Assignment =
Repeat word for word the lines from the one containing "5月19日,安徽大学国际教育" to the end of the material below, and leave all pictures out.

Task input =
^^^^^^^^^^^^^^^^

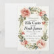 Soft blush and peach floral wedding invitation with watercolor roses and greenery wreath, featuring fully editable couple names, wedding date, venue, and RSVP details for a romantic garden or rustic chic celebration.
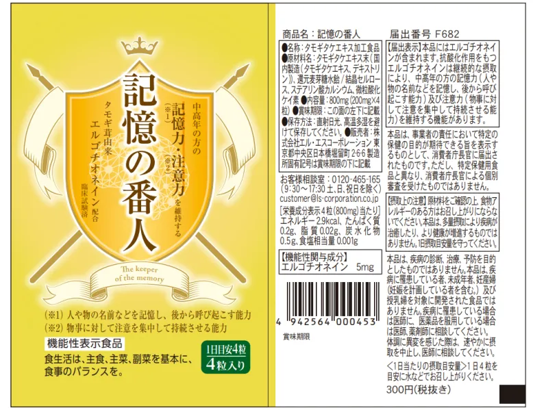जापान के एलएस कॉरपोरेशन द्वारा लॉन्च किया गया एर्गोथायोनीन सप्लीमेंट मध्यम आयु वर्ग और बुजुर्ग लोगों में स्मृति गिरावट को संबोधित करने के लिए डिज़ाइन किया गया उत्पाद है।
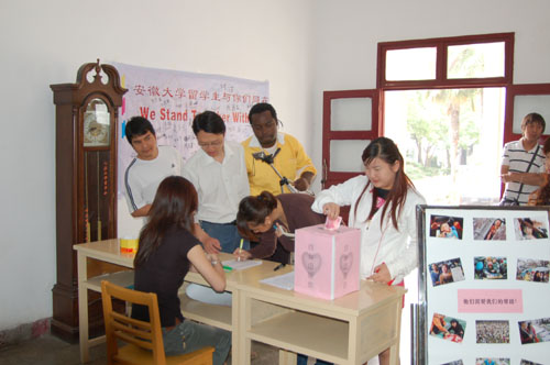 5月19日,安徽大学国际教育学院在学院一楼大厅举行了一场为四川地震灾区签名和募捐的活动。
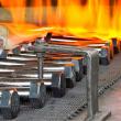 O Tratamento em forno contínuo é muito procurado para realizar serviços em aço. O aço responde bem ao aquecimento e pode ter sua mecânica alterada para ficar mais dúctil, suportando tensões maiores ou mais rijas, se essa for a necessidade apresentada em projeto.
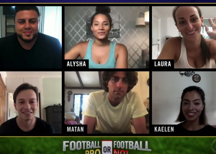 First out of the gates is “Football Pro or Football No?”, which sees Jason Sudeikis and James Corden attempting to identify which three out of six people on a video call are professional football players (Corden sticks to his roots here and refuses to call it soccer).
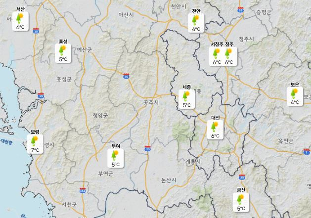이날 낮 최고기온은 대전·세종·청주·천안 15도, 아침 최저기온은 4도 안팎으로 전날보다 다소 낮아질 것으로 예상된다.
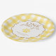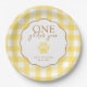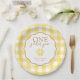 Celebrate her One Golden Year in sweet puppy style with this round paper plate. A yellow gingham border surrounds a scalloped centre that features a gingham paw print and editable text for your girl's name and first birthday date. Perfect for cake slices, snacks, and photo ready table settings at any golden retriever themed party.

^^^^^^^^^^^^^^^^

Task result =
 5月19日,安徽大学国际教育学院在学院一楼大厅举行了一场为四川地震灾区签名和募捐的活动。
 O Tratamento em forno contínuo é muito procurado para realizar serviços em aço. O aço responde bem ao aquecimento e pode ter sua mecânica alterada para ficar mais dúctil, suportando tensões maiores ou mais rijas, se essa for a necessidade apresentada em projeto.
 First out of the gates is “Football Pro or Football No?”, which sees Jason Sudeikis and James Corden attempting to identify which three out of six people on a video call are professional football players (Corden sticks to his roots here and refuses to call it soccer).
이날 낮 최고기온은 대전·세종·청주·천안 15도, 아침 최저기온은 4도 안팎으로 전날보다 다소 낮아질 것으로 예상된다.
 Celebrate her One Golden Year in sweet puppy style with this round paper plate. A yellow gingham border surrounds a scalloped centre that features a gingham paw print and editable text for your girl's name and first birthday date. Perfect for cake slices, snacks, and photo ready table settings at any golden retriever themed party.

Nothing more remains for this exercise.